Identifying Tokens

Part 2 of 5

How-To

Mintmarks Across the Chains

A cross-brand reference for the mintmarks that appear on cectoken catalog pieces: RWM, HM, HH, OC, and the variants they create.

Updated Jun 5, 2026

Mintmarks are the small letters or symbols struck onto a token by the company that physically made it. On collector tokens like the ones in this catalog, mintmarks identify the manufacturer (sometimes called the "minter"), not the issuing brand. Knowing the mintmark vocabulary is one of the fastest ways to spot variants and date a piece more precisely than the design alone allows.

Where mintmarks appear

Mintmarks on Chuck E. Cheese, Showbiz Pizza, and related-brand tokens are usually:

  • A few small letters (often two or three characters)
  • Tucked near the rim or in a quiet corner of the design
  • Sometimes on the reverse, often near the base of the central design

You'll need decent lighting and sometimes a loupe (or a phone camera with macro zoom) to read them on circulated pieces.

The major mintmarks

RWM, Roger Williams Mint

The most prominent mintmark in this catalog. Roger Williams Mint, based in Rhode Island, struck the bulk of the Chuck E. Cheese and Showbiz Pizza tokens over the decades. RWM also produced tokens for Peter Piper, Discovery Zone, and a long list of related operators.

When you see RWM on the obverse or reverse, you're holding a Roger Williams Mint piece. The mintmark is consistent across decades; the same two letters appear on tokens struck thirty years apart.

Roger Williams Mint also produced the "No Cash Value" prototype tokens that show up as catalog rarities. Those pieces are essentially manufacturer samples that never went into regular circulation.

HM

Used by Peter Piper Pizza tokens, especially in the Type 1 era. HM identifies a separate minting operation that handled some of the early Peter Piper production runs before later runs moved to RWM.

A Peter Piper token with HM and a Peter Piper token with RWM are catalog-different even if the design is otherwise identical. Mintmark variation alone can create distinct catalog rows.

HH

Another Peter Piper-era mintmark. Shows up less often than RWM or HM, and on a narrower range of pieces. Worth checking for when you're tracking variants in the Peter Piper Type 1 catalog.

OC

Appears on some Chuck E. Cheese tokens. OC pieces are less common than RWM and are a notable variant for completionist collectors.

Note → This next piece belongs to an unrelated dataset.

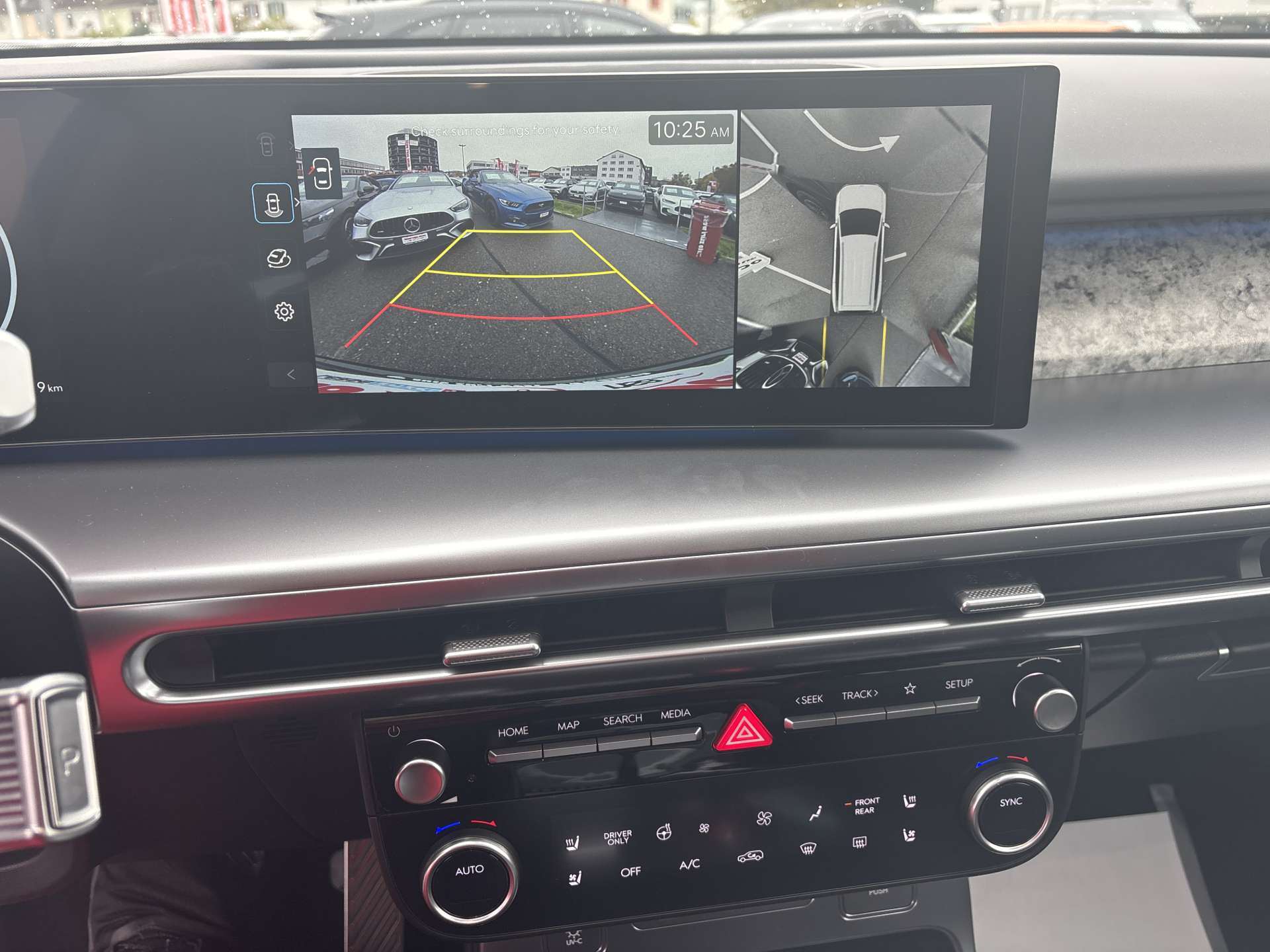 Airbag: Center Airbag vorne, Airbag: Deaktivierung Frontairbag Beifahrerseite, Airbag: Front- und Seitenairbags vorne, Airbag: Knie-Airbag für Fahrer, Airbag: Vorhangairbags vorne und hinten, Aktive Geräuschsminderung, Akustik-Frontscheibe, Alu-Pedale, Ambientebeleuchtung, Anfahralarm Vorderfahrzeug, Antiblockiersystem (ABS), Assist: 360° Rundumsichtkamera, Assist: Aktiver Totwinkelassistent, Assist: Anhänger Stabilisierungkontrolle, Assist: Aufmerksamkeitsassistent mit Kamera (Fahrer), Assist: Ausstiegsassistent, Assist: Automatische Ein- und Ausparkfunktion mit Fernbedienung, Assist: Automatisches Notrufsystem eCall, Assist: Einparkhilfe vorne und hinten und seitwärts, Assist: Elektrische Parkbremse mit Auto-Hold-Funktion, Assist: Elektronische Traktionskontrolle, Assist: Insassenalarm mit Ultraschall-Sensoren (Rear Occupant Assist), Assist: Navigationsbasierter adaptiver Tempomat mit Stop&Go-Funktion, Assist: Notbremsassistent mit Abbiege- und Kreuzungsfunktion, Assist: Notbremsassistent mit Abbiege-, Spurwechsel- und Ausweichfunktion, Assist: Notbremsassistent mit Fussgänger-/Fahrraderkennung und Abbiegefunktion, Assist: Querverkehrswarner hinten mit Bremsassistent, Assist: Rückfahrkamera mit digitalem Rückspiegel, Assist: Spurfolgeassistent, Assist: Spurhalteassistent, Assist: Spurwechselassistent, Assist: Verkehrszeichenerkennung mit automatischer Geschwindigkeitsregelung, Assist: Videoübertragung des toten Winkels bei Richtungsanzeige, Aussenspiegel in Wagenfarbe, Automatisch abblendender Innenspiegel mit Digitalfunktion, Automatisch ausklappende Türgriffe, Batterieheizsystem, Bewegliche Mittelarmlehne 2.0 (6-Plätzer), Dachreling, Digitale Armaturentafel mit 12.3'' TFT LCD Anzeige, Drive Mode Select, Elektrisch verstell- und heizbare Aussenspiegel mit integrierten Seitenblinkern, Elektrische Fensterheber vorne u. hinten, Elektrische Heckklappe, Elektronische Wegfahrsperre, Elektronisches Stabilitätsprogramm ESP mit Multikollisionsbremse, Fahrwerk: Terrain Mode Selector, Gepäcknetz, Gepäckraumbeleuchtung und -abdeckung, Getriebe: Direktantrieb, kein Getriebe, Head-up Display mit Projektion auf die Windschutzscheibe, Hochvoltbatterie mit 800 V-Technologie (400 V-kompatibel), ISOFIX-Kindersitzverankerung, Klima: 3-Zonen-Klimaautomatik mit Anti-Beschlagsystem, Kofferraummatte, Lackierung: Pearl-Lackierung Sunset Brown, Ladegerät (On-Board Charger) dreiphasig bis zu 11 kW, Ladekabel 5 Meter Mode 3 Typ 2, 3-Phasig, inkl. Hyundai-Tragtasche, Lenkrad: Audiofernbedienung am Lenkrad, Lenkrad: Lederlenkrad beheizbar, Lenkrad: Lederlenkrad zweifarbig, Lenkrad: Lenkrad vertikal und axial elektrisch verstellbar mit Memoryfunktion, Lenkrad: Pixel-LED Lenkrad, Lenkrad: Wippen am Lenkrad für regeneratives Bremsen 3.0, Licht: Fernlichtassistent, Licht: LED-Rückleuchten im Pixel-Design, Licht: Lichtautomatik, Licht: Matrix-LED-Scheinwerfer im Pixel-Design, Media: Kabellose Android Auto - und Apple CarPlay-Funktion, Media: Kabelloses Laden für Smartphone, Media: Mapcare Lifetime, Media: Multi-Bluetooth mit Freisprecheinrichtung mit Spracherkennung, Media: Navigationssystem mit 12.3"-Touchscreen, Media: Premium Audiosystem Bose mit Verstärker, Subwoofer und Center-Speaker, Media: Telematikdienst Bluelink Lite (10 Jahre gratis), Passagier-Kommunikationssystem 3. Sitzreihe, Polster: Nappaledersitze, Privacy Glass (Rückscheiben dunkel getönt), Räder: 21" Leichtmetallfelgen, Räder: Reifendruckkontrollsystem, Räder: Reifenreparatur-Set, Radläufe und Seitenschweller in Wagenfarbe, Regensensor, Schlüsselloses Zugangssystem Smart Key mit Engine Start/Stop-Taste, Schnellladeanschluss CCS bis zu 350 kW, Servolenkung, Sitze: Einstellbare Lendenwirbelstütze (4 -Wege), Sitze: Elektrisch höhenverstellbarer Fahrersitz, Sitze: Elektrisch verstellbarer Fahrer- und Beifahrersitz, Sitze: Massagefunktion Fahrersitz, Sitze: One touch System zum Einstieg in die dritte Sitzreihe, Sitze: Rücksitze getrennt elektrisch abklappbar 2. Reihe, Sitze: Rücksitze in der 3. Reihe separat und elektrisch umklappbar (50 / 50), Sitze: Sitzbelüftung vorne und hinten, Sitze: Sitzheizung vorne und hinten, Sitze: Vordersitze mit Relaxfunktion, Sonnenrollos für Seitenfenster im Fahrgastraum, Türgriffe in Wagenfarbe, UV-C Desinfektionssschale, V2L-Technologie: 230V/16A-Steckdosen innen und aussen (inkl. Adapter), Vorbereitung für Anhängevorrichtung, Wärmedämmende Scheiben vorne, Wärmepumpe mit Batterievorkonditionierung, Zentralverriegelung, Zweiteiliges elektrisches Panorama-Glasschiebedach

HH (Showbiz Pizza context)

For Showbiz Pizza Place tokens, HH appears on a smaller subset of pieces. It's worth distinguishing from the Peter Piper HH usage; same letters, different mints in different brand contexts.

How mintmarks create variants

A single design can spawn multiple catalog entries based on mintmark presence, mintmark position, or mintmark absence:

  • Same design, different mintmark is a distinct catalog row.
  • Same design, same mintmark, different position (front vs back, top vs bottom) is also a distinct row in many cases.
  • Same design, mintmark absent is yet another row. Some early-run pieces were struck before the mint added its mark, or with the mark suppressed for the issuing operator.

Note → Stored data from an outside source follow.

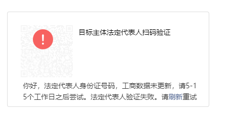 这边在做小程序迁移,选择法定代表人扫码验证一直出现这个提示,已经超过15个工作日了。
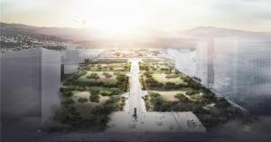 ▲置入山脈地形,打造百年后的城市森林,重塑純粹的人行空間與儀式性場景。
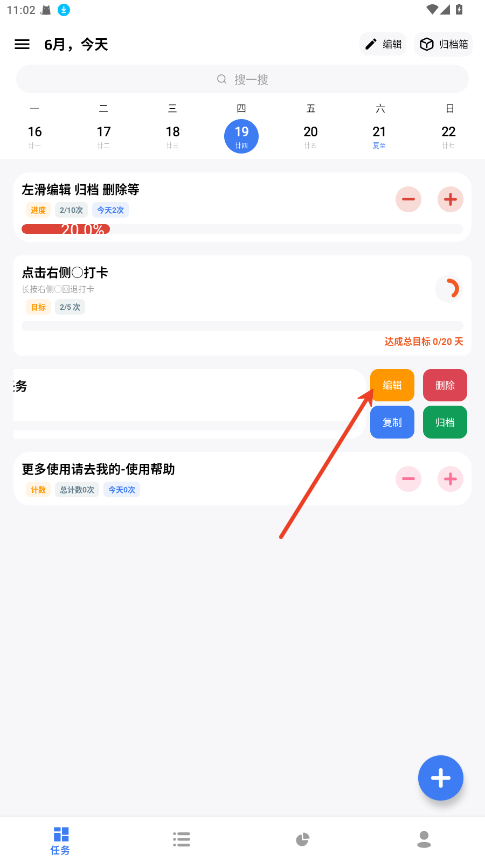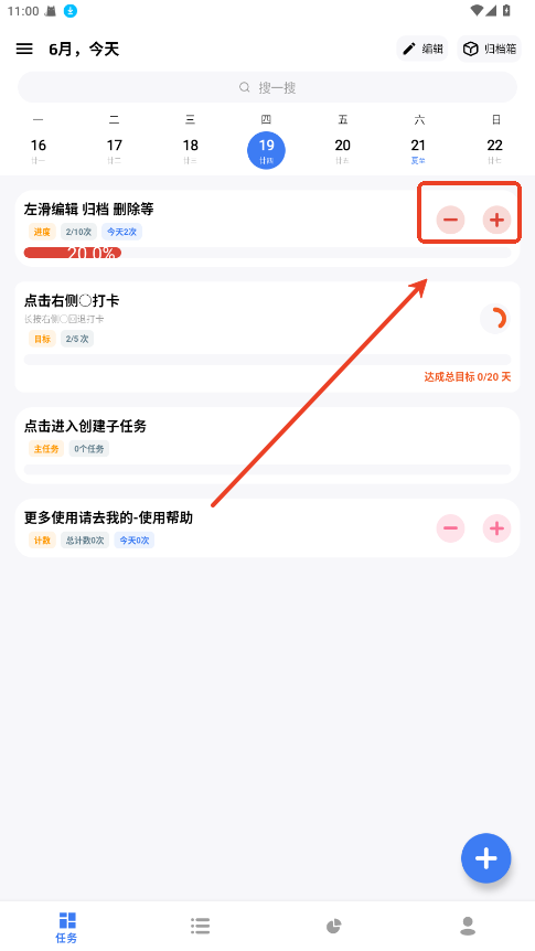 通过点击“+”或“-”按钮来更新任务的进展或减去已完成的部分。

The cectoken catalog encodes these distinctions in the catalog code. Two tokens with codes like 101B and 101B (variant) might differ only in mintmark presence.

A common variant trap: the "RWM under E"

Showbiz Pizza Type 2 reverses include a small "Play Value" text. Some catalog variants have the RWM mintmark positioned under the E in "Value"; others have it elsewhere. These are different catalog entries with different rarity ratings, and the only way to distinguish them is by looking closely at the reverse.

This kind of micro-positioning trap is common across the catalog. When two listings look identical at first glance, check the mintmark position before assuming they're the same piece.

What mintmarks don't tell you

A mintmark identifies the manufacturer, not:

  • The year struck. Roger Williams Mint produced tokens from the 1970s to the present; "RWM" on a token narrows nothing about vintage by itself.
  • The original issuing location. The brand on the front of the token tells you where it was used. The mintmark only tells you where it was made.

The quick check

When you're looking at a token and trying to read its mintmark:

  1. Use angled light. Mintmarks are typically struck shallow. They show up best when light hits the token at an angle rather than head-on.
  2. Check both sides. Mintmarks are not always on the obverse.
  3. Check the base of the central design. That's the most common location across the catalog.
  4. Use a loupe or phone macro. Mintmarks can be smaller than the surrounding lettering.
  5. Compare to a known-mintmark example on the relevant catalog item page if you're uncertain.